There are many questions you should be asking yourself right now.  Chief among them is what your career path should look like.  In this article my goal is to arm you with the perspective to figure it out.

 

In general, once a minimum requirement of formal education has been satisfied, work experience is the most important for advancing your project management career.  Certifications and advanced degrees can wait and many must, due to the experience eligibility requirements.

 

Entry-level roles come in many forms.  They vary widely across organizations and industries and include but are not limited to the following.

 

●     Project Coordinator

●     Assistant Project Manager

●     Junior Project Manager

●     Project Analyst

●     Work Manager

●     Project Lead

●     Project Manager

 

Depending on your background, you may be interested in these disciplines as well.  They can be careers themselves, or a good stepping stone into project management.

 

●     Project Scheduler

●     Project Controller

●     Business Analyst

 

Now, let’s get into some examples you can probably identify with.

Sarah, The Newly Graduated

It’s graduation time, and Sarah has worked hard to earn her 4-year degree.  What she lacks in work experience, she makes up for in self-motivation and smarts.  Now she’s faced with a difficult decision.

 

Does she stay in school and go for a Master’s degree, or does she go get a job now?

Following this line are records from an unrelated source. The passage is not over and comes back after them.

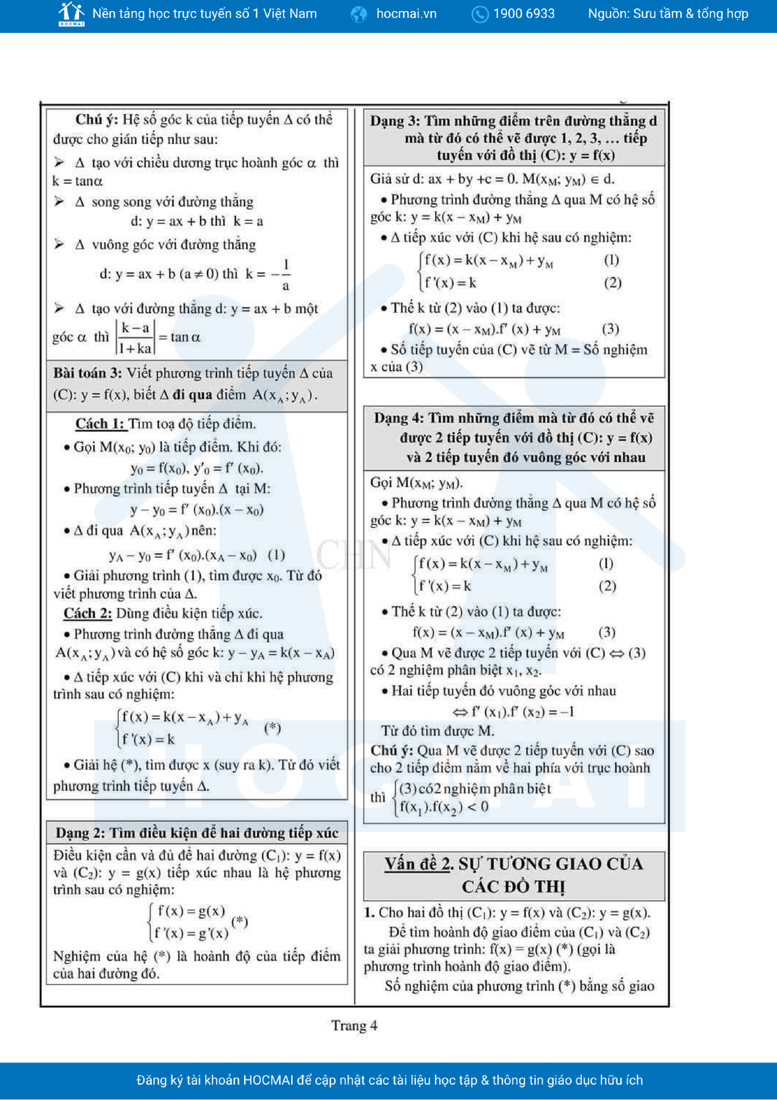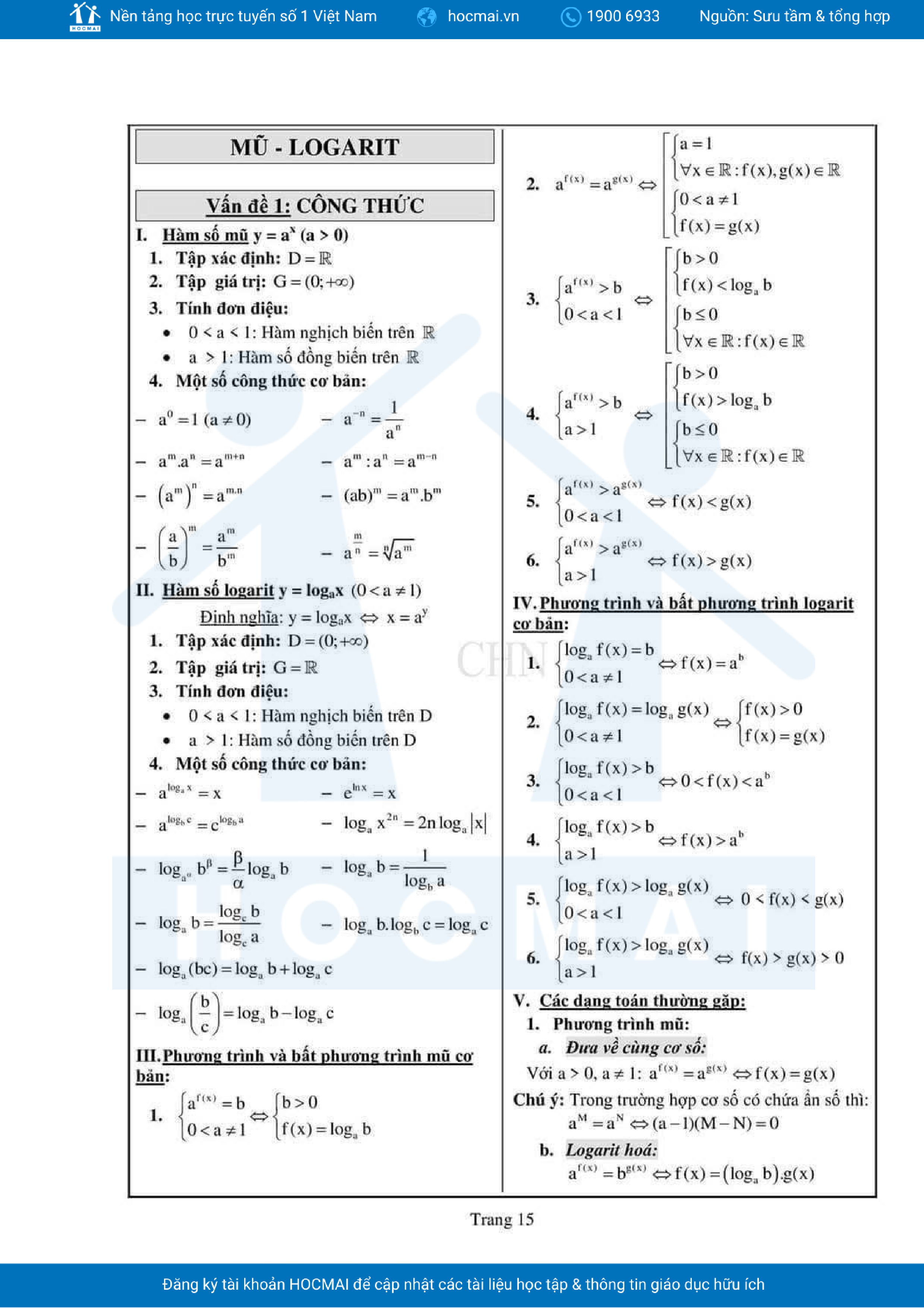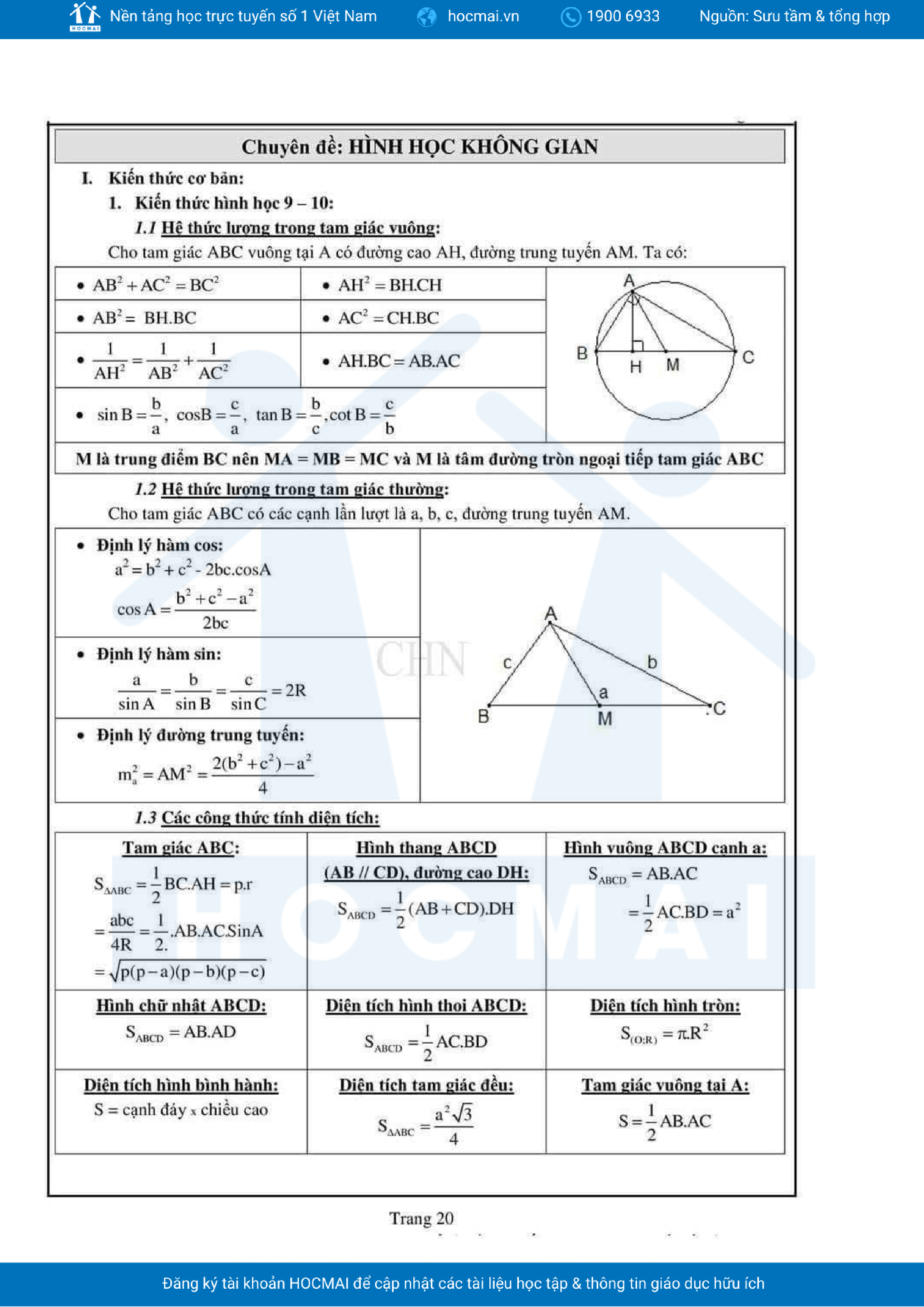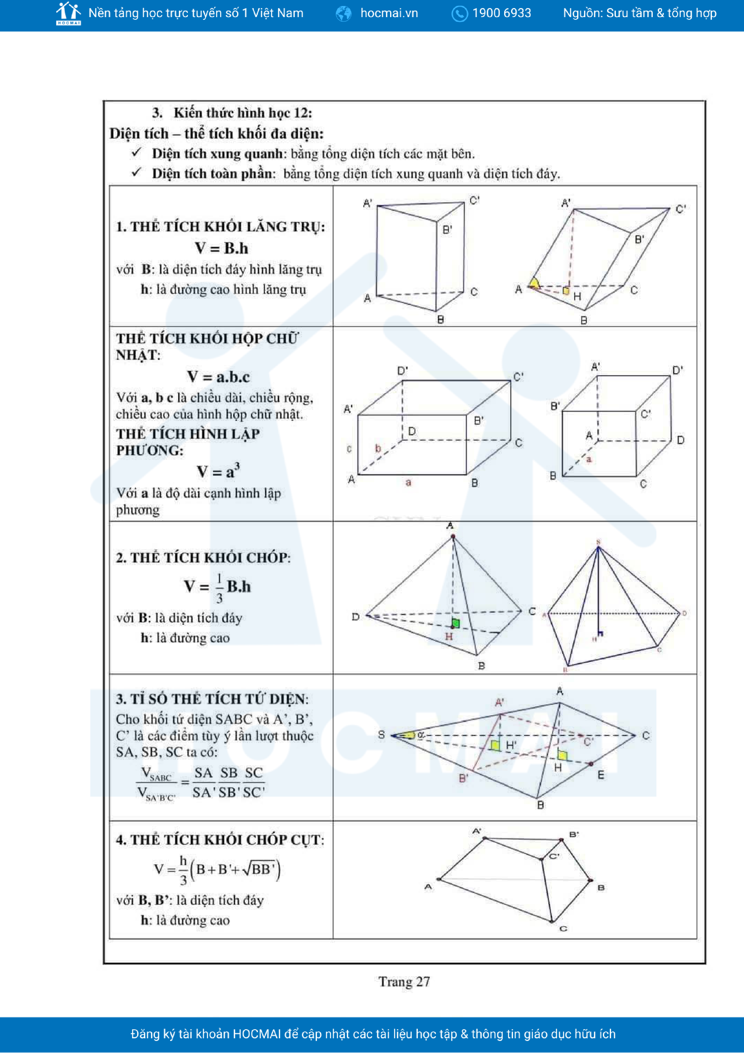 TỔNG HỢP CÔNG THỨC TOÁN CHƯƠNG TRÌNH LỚP 11 + 12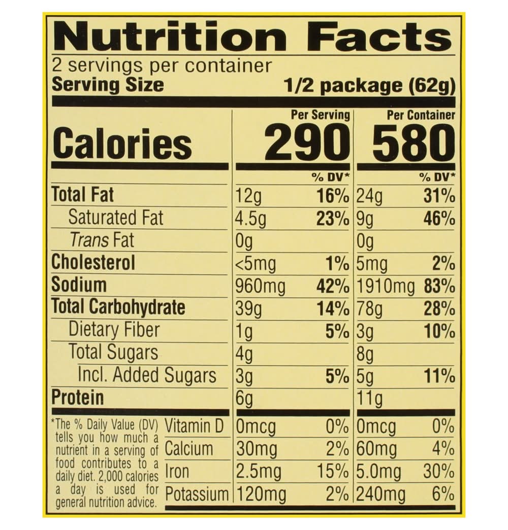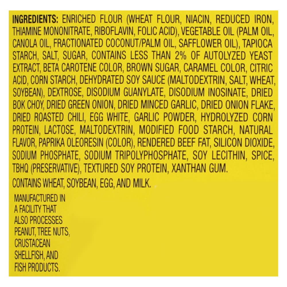 Ingredients: Enriched Flour (Wheat Flour, Niacin, Reduced Iron, Thiamine Mononitrate, Riboflavin, Folic Acid), Vegetable Oil (Palm Oil, Canola Oil, Fractionated Coconut/Palm Oil, Safflower Oil), Tapioca Starch, Salt, Sugar, Contains Less than 2% of Autolyzed Yeast Extract, Beta Carotene Color, Brown Sugar, Caramel Color, Citric Acid, Corn Starch, Dehydrated Soy Sauce (Maltodextrin, Salt, Wheat, Soybean), Dextrose, Disodium Guanylate, Disodium Inosinate, Dried Bok Choy, Dried Green Onion, Dried Minced Garlic, Dried Onion Flake, Dried Roasted Chili, Egg White, Garlic Powder, Hydrolyzed Corn Protein, Lactose, Maltodextrin, Modified Food Starch, Natural Flavor, Paprika Oleoresin (Color), Rendered Beef Fat, Silicon Dioxide, Sodium Phosphate, Sodium Tripolyphosphate, Soy Lecithin, Spice, TBHQ (Preservative), Textured Soy Protein, Xanthan Gum Contains: Wheat, Soybeans, Eggs, Milk, Tree Nuts, Coconuts, Corn, Lactose, Peanuts, Tree Nuts, Crustacean Shellfish, Fish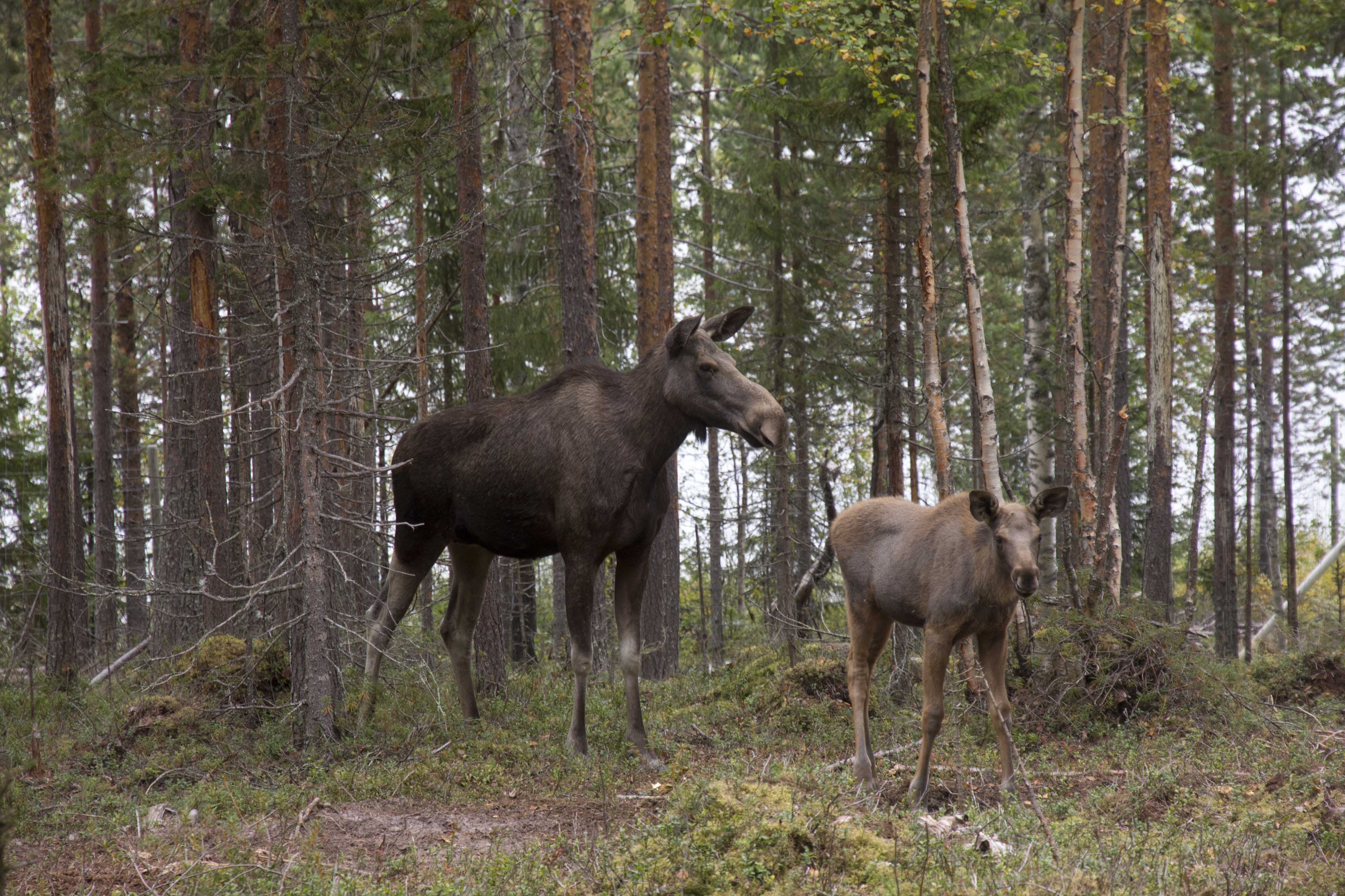 - Beskrivning: Älgko med kalv på Arctic Moose Farm
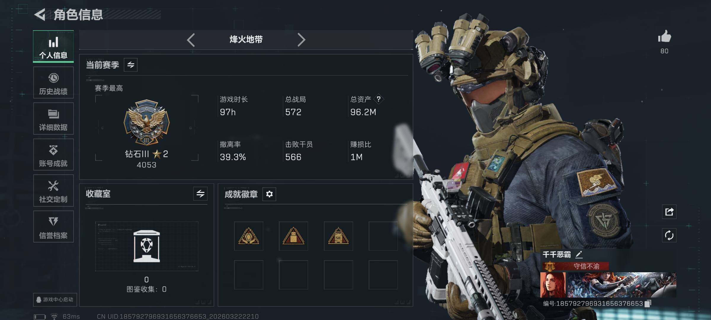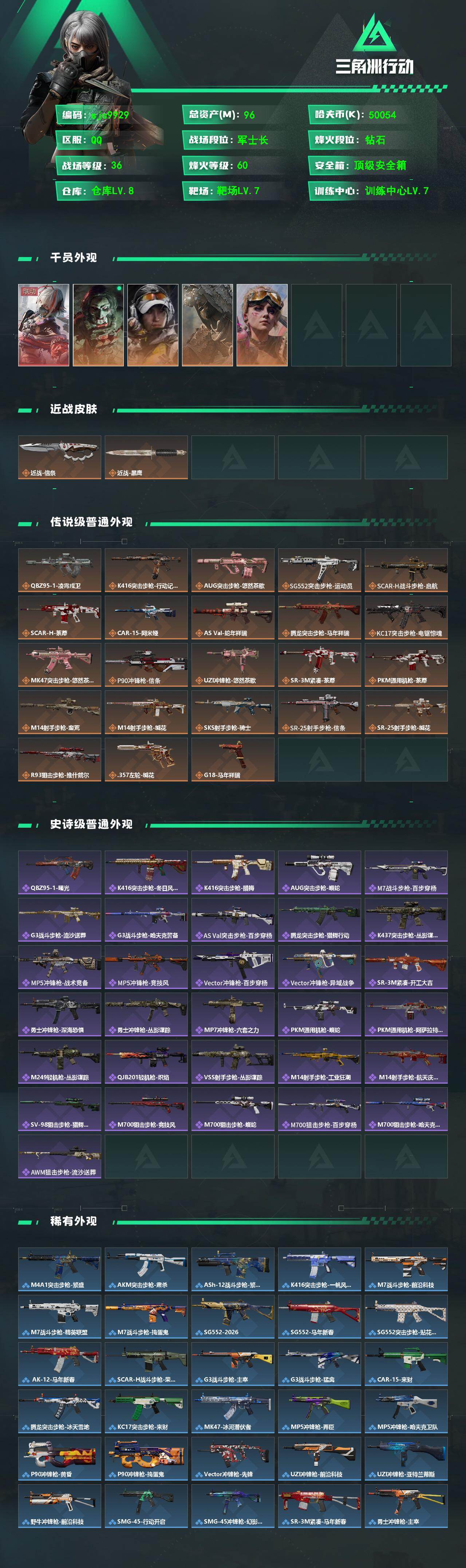 96m总资产-50054k哈夫币-60烽火等级-钻石-36战场等级-军士长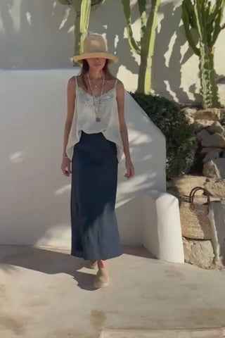 Naisellinen midi-mittainen pellavahame on ajattoman yksinkertainen ja monikäyttöinen valinta niin arkeen kuin juhlavampiinkin hetkiin. Kapea A-linjainen siluetti laskeutuu kauniisti ja tekee hameesta helpon yhdistää erilaisten yläosien kanssa. Vyötäröllä joustava kuminauha. Tuotteen väri on todellisuudessa hieman tummempi kuin kuvissa.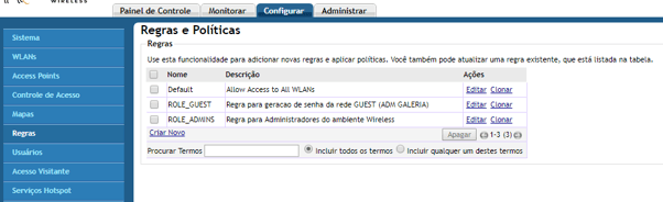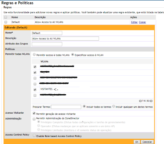 Observação: a WLAN que você criou precisa estar associada à regra "Default" do equipamento: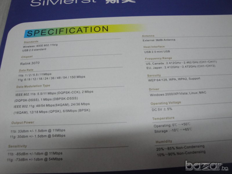 Технически характеристики и данни на Мощен Усилвател, крадец на безжичен интернет Wi-Fi сигнал СиМерст модел СН – Н5000 :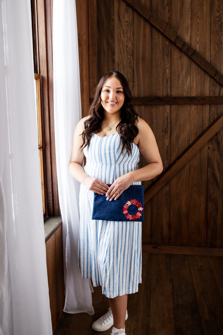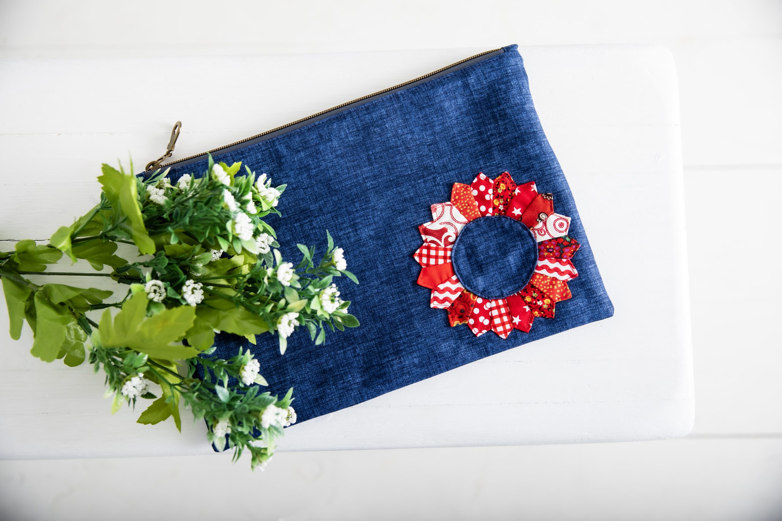 This sweet Dresden plate zipper pouch from Mallory Hill checks all of our boxes: fun details, classic design, and enough room to hold multiple items. Featuring a mini Dresden plate, this cute zipper pouch can easily be used as a stylish makeup bag or pencil pouch, but we also love it as a lightweight spring to summer clutch. If you’ve been saving up your fabric leftovers in bright colors and prints, this bag sewing pattern is a stylish way to show off those scraps.
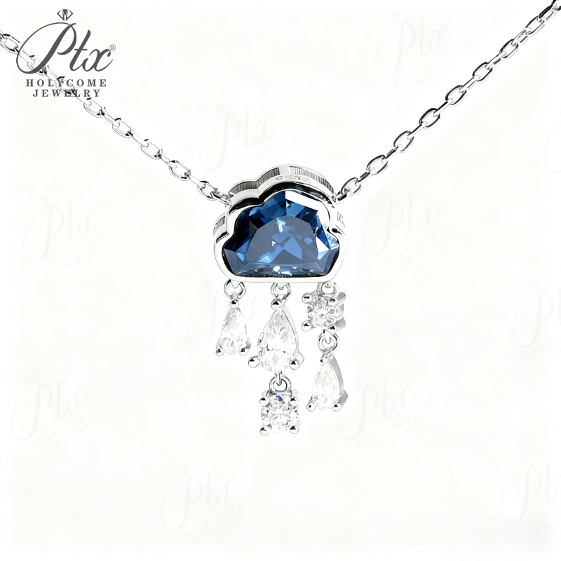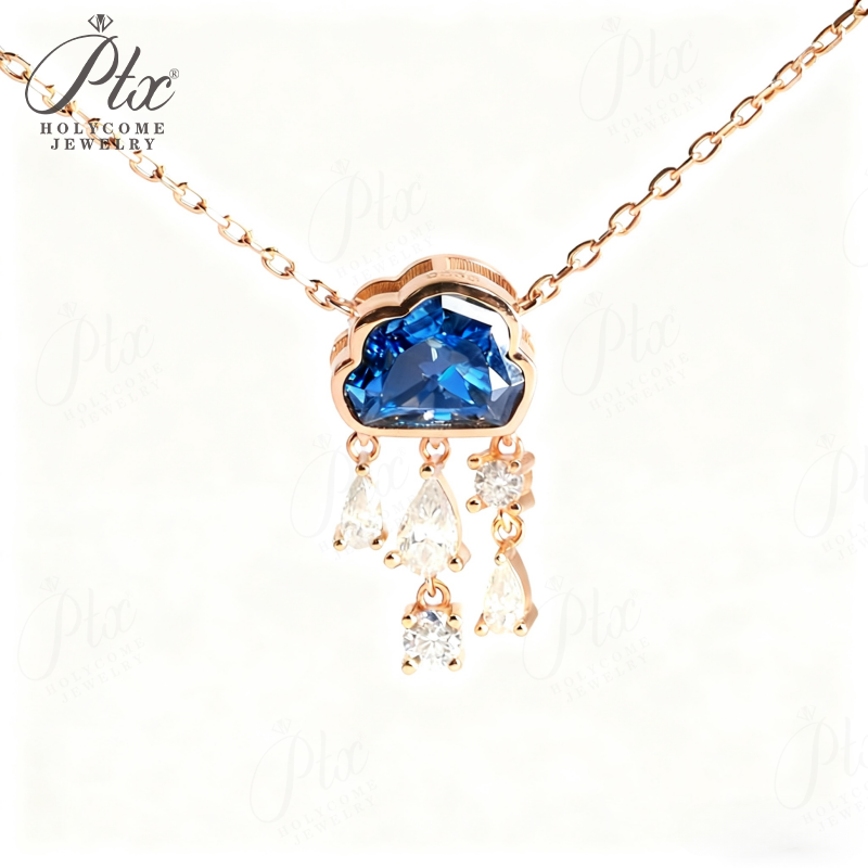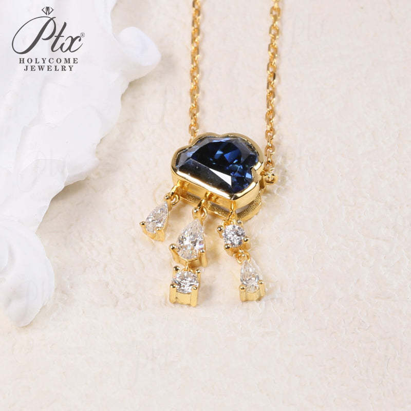 Light Luxury Design Blue Cloud Pendant Elegant Niche Collarbone Chain S925 / 10K / 14K / 18K Stylish & Sweet Necklace Women Exclusive Christmas Gift Allergy Resistant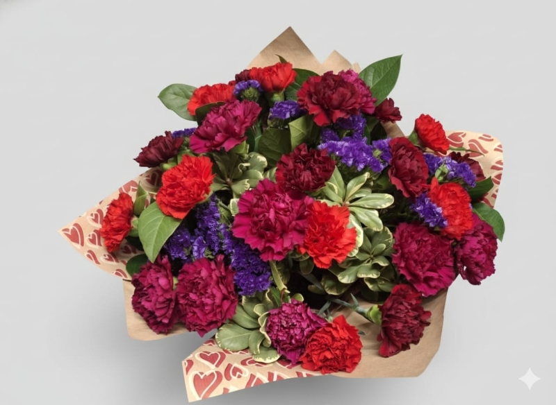 Romantic mix of carnations and foliage

Advice For The Newly Graduated

For most entry-level and mid-level project management roles, a 4-year degree (in just about anything) is going to be a requirement.  Post-graduate degrees are not usually looked for.  The best thing for Sarah now is to land an entry-level position at an organization who values project management and start gaining some work experience.  Later on, she can start looking into certifications and post-graduate education if they make sense for her chosen industry and long-term career goals.

 

Sarah lands a role at an organization as a Junior Project Manager.  She selected a handful of organizations to target in her job search because in her research, she found a progression of job titles that clearly indicated acknowledgement of project management as a discipline and a clear project management career path within those companies.

 

Ben, The Techie

Ben is a software developer who has a 4-year degree in Computer Science.  He’s been working on project teams for several years now, and although he enjoys software engineering, he has become very interested in the role of the project manager.

 

He wants to lead project teams towards a common goal.  He loves working with people and values strong communication skills, which he has begun to continuously improve in himself.

 

How does Ben make the transition from Software Engineer to Project Manager?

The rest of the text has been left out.